I love the little Jack tushie at the door looking out! So so cute!!


----------



## mintchip (Apr 19, 2007)

Wyndward Havanese said:


> I love the little Jack tushie at the door looking out! So so cute!!


me too!


----------



## mimismom (Feb 15, 2009)

Cute pictures Linda!! I am glad you are having a great time with your two!


----------



## marjrc (Jan 13, 2007)

Great pictures, Linda! Yes, I also had to have my camera on hand - still do, after 3 yrs.!! - for when my boys would interact. It is fascinating and I am still soaking it all up. You will have many years of wonder and fun ahead.

Dexter's coat is beautiful!


----------



## HavaneseSoon (Nov 4, 2008)

Off and running!


----------



## luv3havs (Jul 27, 2007)

Oh my, that picture of Jack running is just adorable!


----------



## Evye's Mom (Dec 16, 2008)

Awwww...little baby running Hav hair.


----------



## Wyndward Havanese (May 9, 2008)

LOL! I have about 1000 pictures of Jack in that position! He's such a cutie patootie!!

I love that you can still see his eyelashes, even on the move!

Give the little man (and Dexter) a kiss from me!


----------



## HavaneseSoon (Nov 4, 2008)

Dexter and Jack are doing some serious communicating (dog language stuff). 
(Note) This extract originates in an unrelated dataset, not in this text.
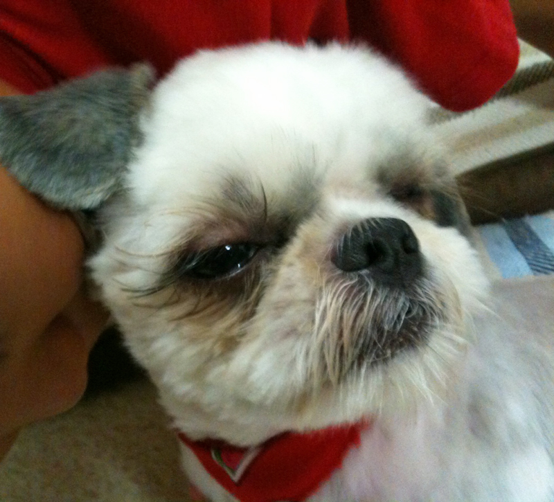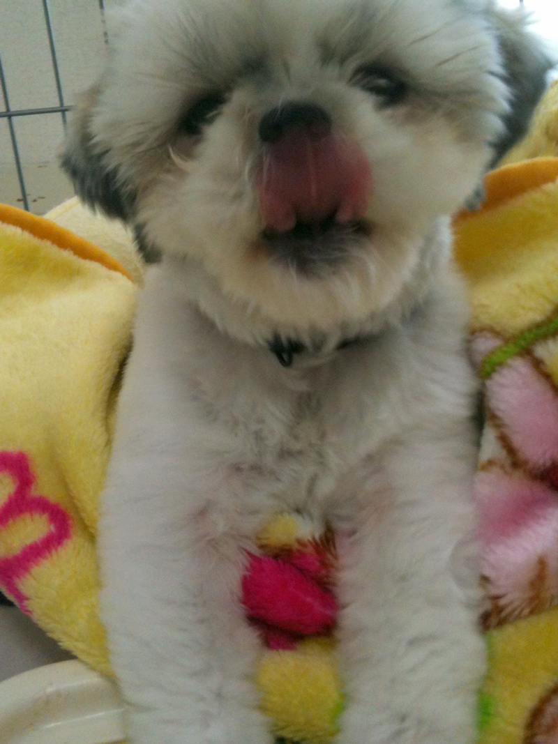 鼻をペロリ。おやつもらったのかな? あくびの途中かな?

Dexter is slowly learning when to stop the rough housing or Jack will not play with him.

Jack is wonderful at communicating. 

Jack found Dexter's tail. 

Whatever Dexter has Jack has to have, it doesn't matter if there are two of the same things laying around. If it is in Dexter's mouth, Jack is going to get it. This is when the play will start....that is....if Dexter has a toy.
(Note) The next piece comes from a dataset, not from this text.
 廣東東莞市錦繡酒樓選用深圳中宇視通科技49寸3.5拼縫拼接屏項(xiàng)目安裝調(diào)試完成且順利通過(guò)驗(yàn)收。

Oh! Jack will sit! Working on the down position.

It is really challenging to train Jack with Dexter looking on and you end up training them both at the same time. 

I am sooooooooooooooooooooooo glad they both nap at the same time!


----------



## Wyndward Havanese (May 9, 2008)

Aww! Sounds like they are getting along so well! Puppies are great communicators! Especially when they are fresh from their litter and they've been taught good doggie manners by their doggy mom. 8) Jersey is a stickler for good behavior and doesn't tolerate naughty little heathen puppies! 

So sweet of Dexter to be so generous and share his toys with the little guy. 8)


----------



## LuvCicero (Mar 31, 2008)

Linda, I love the pictures. You have two really cute furbabies. You are going to have to hang that camera around your neck and learn to snap really fast. I hope you enjoy every minute!!


----------



## HavaneseSoon (Nov 4, 2008)

I just knew in my heart that Dexter would be happier if he had a pal around the house besides up chasing him around the house. 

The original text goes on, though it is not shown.